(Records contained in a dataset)
----------

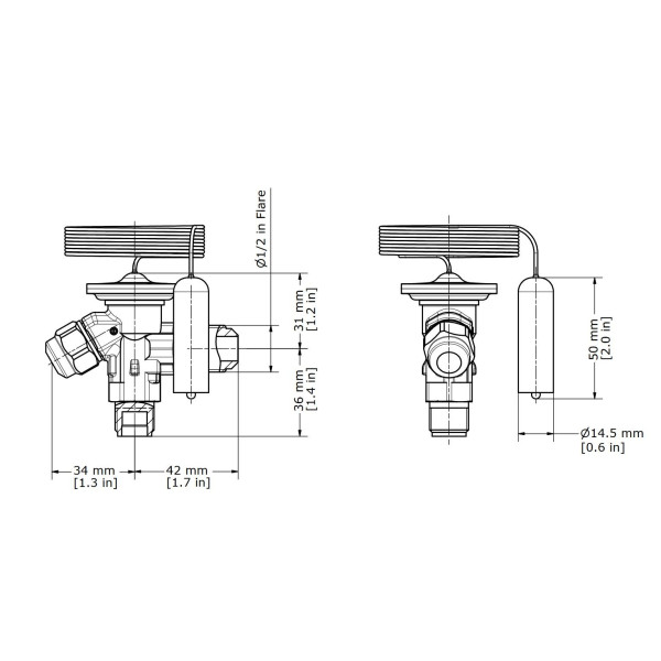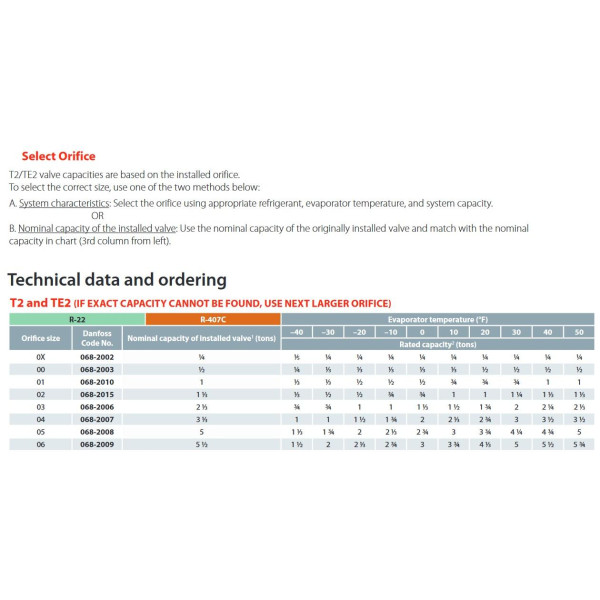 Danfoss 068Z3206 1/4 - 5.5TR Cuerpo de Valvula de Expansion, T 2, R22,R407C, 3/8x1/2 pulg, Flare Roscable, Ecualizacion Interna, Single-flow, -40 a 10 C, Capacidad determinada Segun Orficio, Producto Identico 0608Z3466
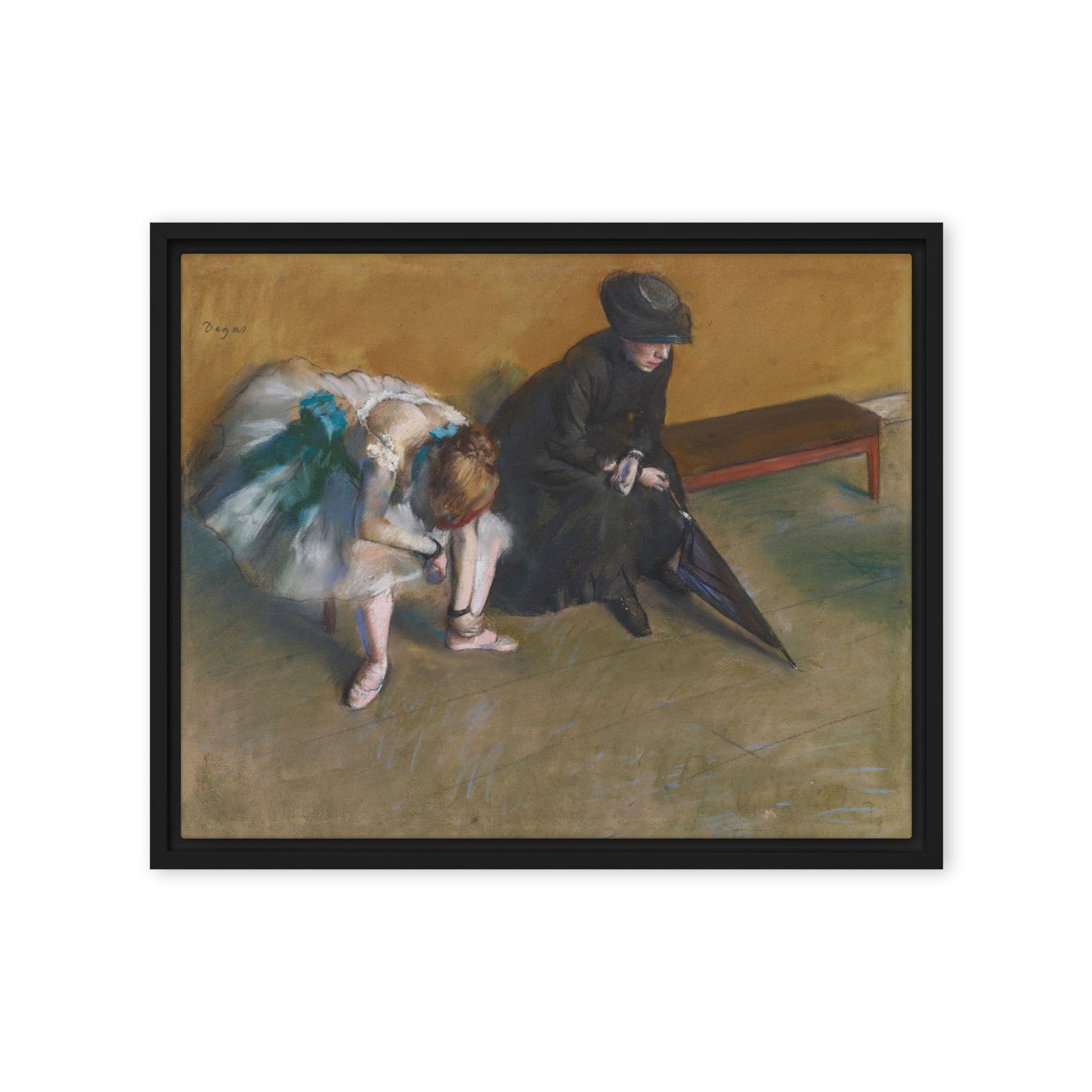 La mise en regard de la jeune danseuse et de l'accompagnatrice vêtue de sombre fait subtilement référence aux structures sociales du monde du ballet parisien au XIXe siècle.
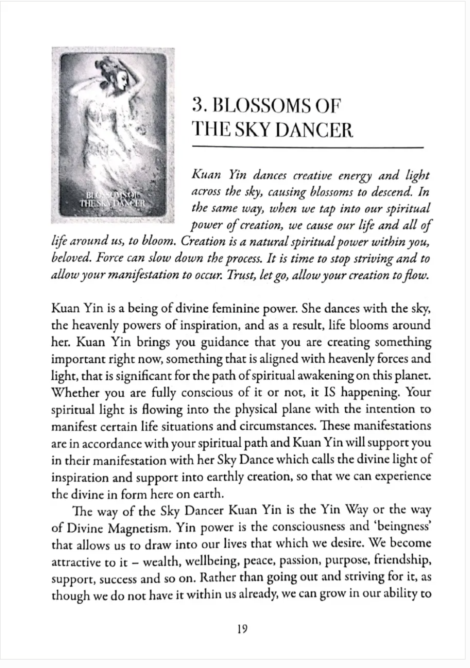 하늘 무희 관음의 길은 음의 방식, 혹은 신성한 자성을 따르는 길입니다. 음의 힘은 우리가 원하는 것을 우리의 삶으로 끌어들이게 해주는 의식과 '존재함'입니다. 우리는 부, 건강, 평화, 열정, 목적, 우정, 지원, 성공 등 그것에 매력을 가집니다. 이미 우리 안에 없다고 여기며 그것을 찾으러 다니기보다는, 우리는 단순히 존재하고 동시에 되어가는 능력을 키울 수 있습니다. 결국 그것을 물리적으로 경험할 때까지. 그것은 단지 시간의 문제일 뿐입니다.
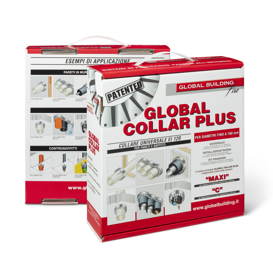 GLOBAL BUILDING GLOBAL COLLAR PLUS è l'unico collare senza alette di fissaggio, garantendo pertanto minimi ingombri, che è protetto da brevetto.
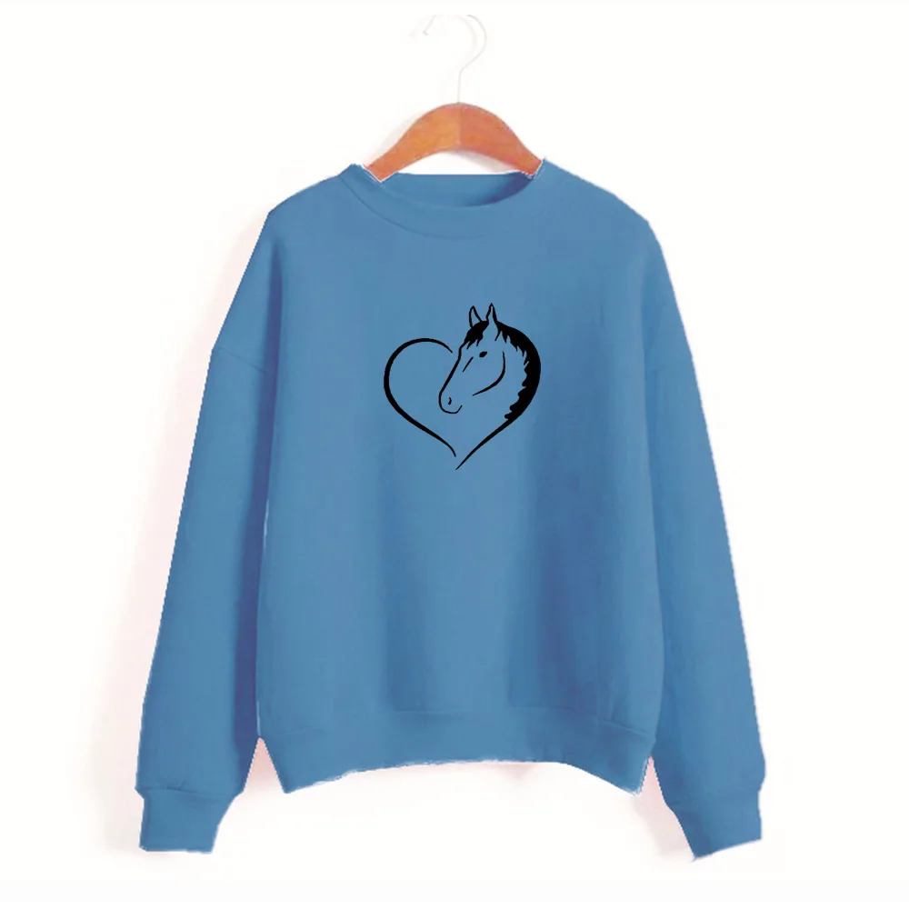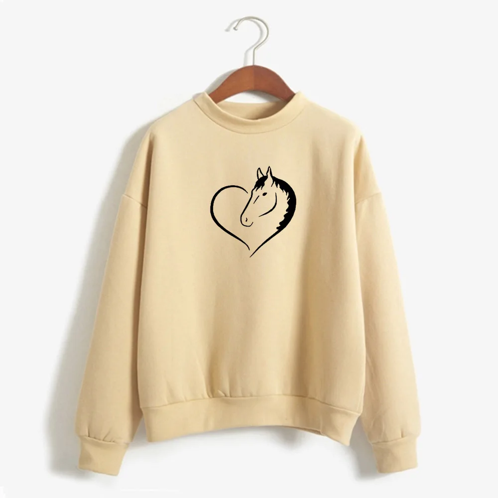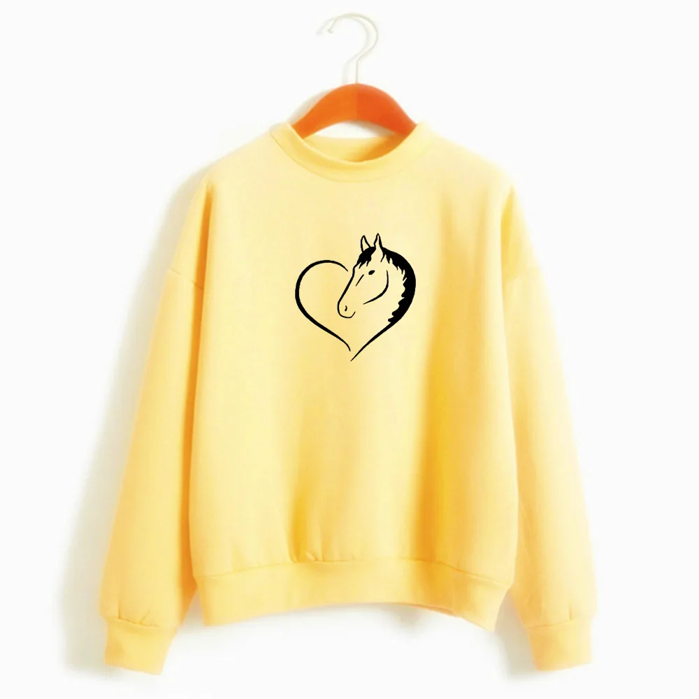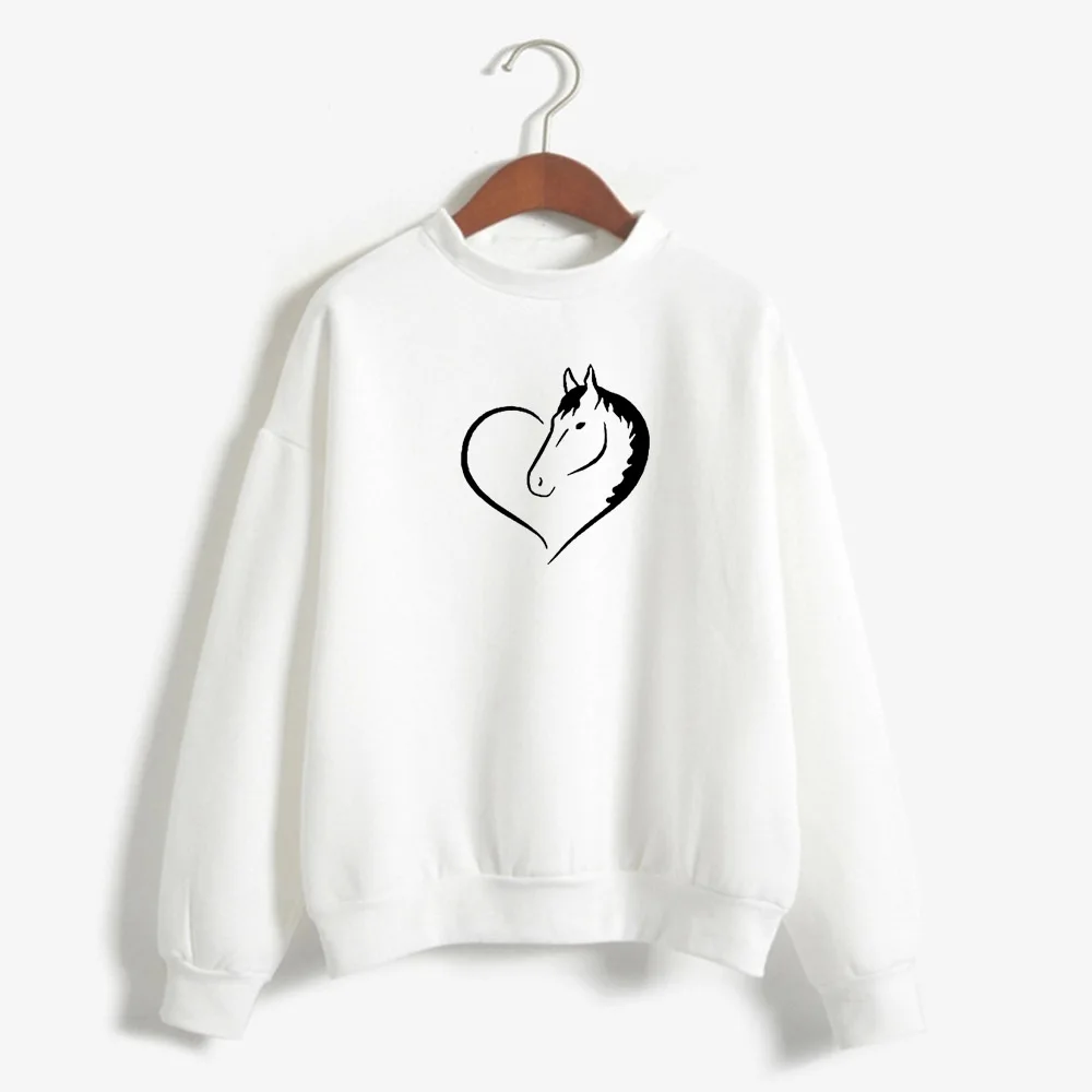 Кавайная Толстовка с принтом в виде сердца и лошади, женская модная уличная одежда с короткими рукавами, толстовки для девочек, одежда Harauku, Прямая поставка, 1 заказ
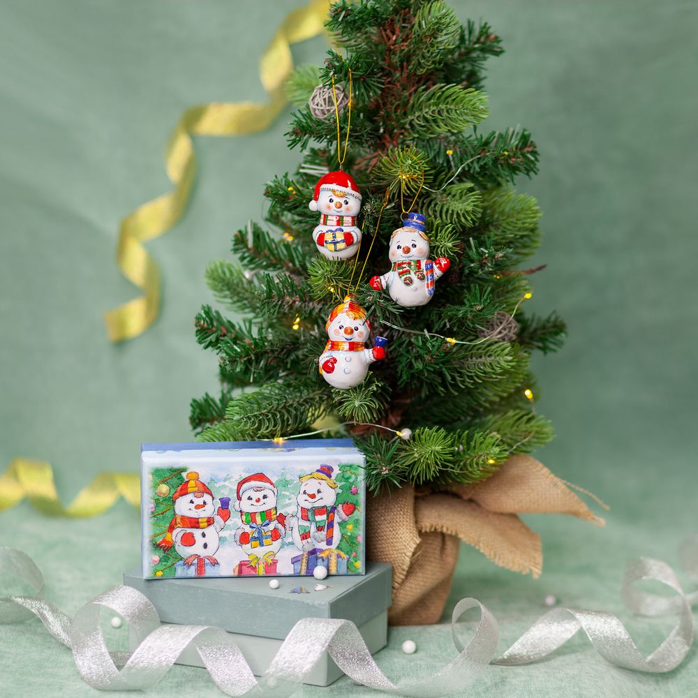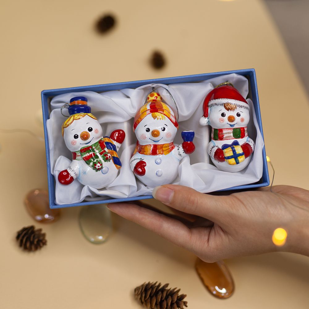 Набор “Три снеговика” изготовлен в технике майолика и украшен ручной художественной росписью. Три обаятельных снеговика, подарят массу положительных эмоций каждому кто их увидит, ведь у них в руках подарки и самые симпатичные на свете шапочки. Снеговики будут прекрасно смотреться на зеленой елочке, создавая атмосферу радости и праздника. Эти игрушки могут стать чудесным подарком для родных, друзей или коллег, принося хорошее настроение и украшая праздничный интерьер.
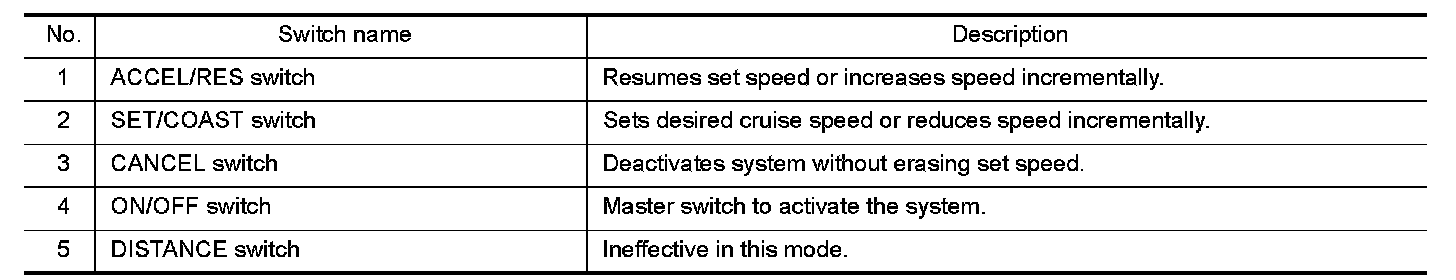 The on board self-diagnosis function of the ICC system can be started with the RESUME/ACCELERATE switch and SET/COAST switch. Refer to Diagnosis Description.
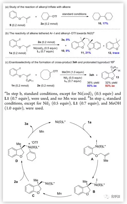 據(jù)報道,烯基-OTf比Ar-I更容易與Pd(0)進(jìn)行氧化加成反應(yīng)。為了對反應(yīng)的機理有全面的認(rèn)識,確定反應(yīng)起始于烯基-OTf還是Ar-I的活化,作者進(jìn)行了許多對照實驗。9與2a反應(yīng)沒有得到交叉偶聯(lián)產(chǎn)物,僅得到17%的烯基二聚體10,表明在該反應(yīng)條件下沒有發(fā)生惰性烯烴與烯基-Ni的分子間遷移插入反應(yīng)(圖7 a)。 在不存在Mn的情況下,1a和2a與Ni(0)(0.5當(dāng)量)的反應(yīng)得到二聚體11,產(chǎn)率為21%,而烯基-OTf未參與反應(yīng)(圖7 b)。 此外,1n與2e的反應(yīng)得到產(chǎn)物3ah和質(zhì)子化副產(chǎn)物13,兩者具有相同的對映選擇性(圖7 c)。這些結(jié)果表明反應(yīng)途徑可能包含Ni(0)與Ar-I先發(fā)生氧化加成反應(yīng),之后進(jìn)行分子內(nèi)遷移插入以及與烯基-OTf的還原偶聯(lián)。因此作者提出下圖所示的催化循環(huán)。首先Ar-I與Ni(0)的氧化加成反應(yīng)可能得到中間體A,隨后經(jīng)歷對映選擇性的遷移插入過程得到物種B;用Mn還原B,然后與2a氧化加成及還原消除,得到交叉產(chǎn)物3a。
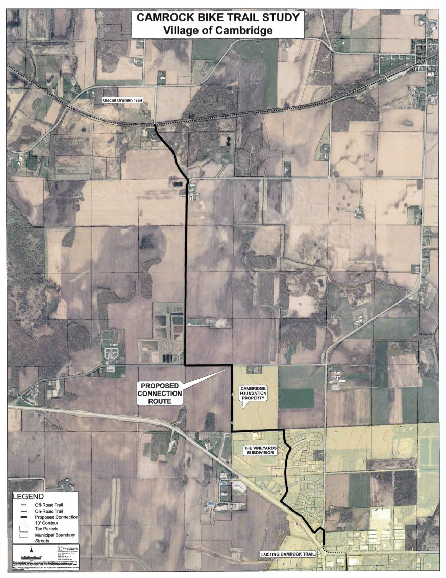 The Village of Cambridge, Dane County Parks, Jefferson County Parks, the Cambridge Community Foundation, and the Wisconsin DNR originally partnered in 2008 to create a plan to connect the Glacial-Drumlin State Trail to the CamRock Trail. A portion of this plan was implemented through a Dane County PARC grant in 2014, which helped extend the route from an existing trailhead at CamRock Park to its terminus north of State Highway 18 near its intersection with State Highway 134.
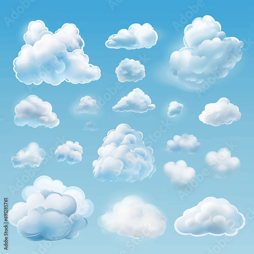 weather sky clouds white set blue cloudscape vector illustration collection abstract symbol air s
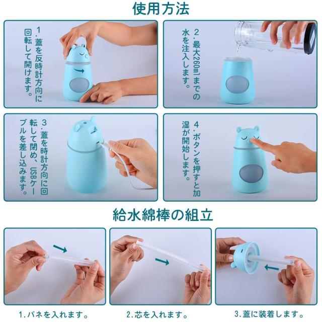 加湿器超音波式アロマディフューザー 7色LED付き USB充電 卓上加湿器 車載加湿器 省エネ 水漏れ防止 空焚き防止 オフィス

----------

▶ _WORK INSTRUCTIONS_
Among the records above, locate the line containing "украшая праздничный интерьер." and the line containing "The on board", then transcribe exactly the lines starting at the first and ending at the second, with no pictures.

▶ _ANSWER FOR THE TASK_
 Набор “Три снеговика” изготовлен в технике майолика и украшен ручной художественной росписью. Три обаятельных снеговика, подарят массу положительных эмоций каждому кто их увидит, ведь у них в руках подарки и самые симпатичные на свете шапочки. Снеговики будут прекрасно смотреться на зеленой елочке, создавая атмосферу радости и праздника. Эти игрушки могут стать чудесным подарком для родных, друзей или коллег, принося хорошее настроение и украшая праздничный интерьер.
 The on board self-diagnosis function of the ICC system can be started with the RESUME/ACCELERATE switch and SET/COAST switch. Refer to Diagnosis Description.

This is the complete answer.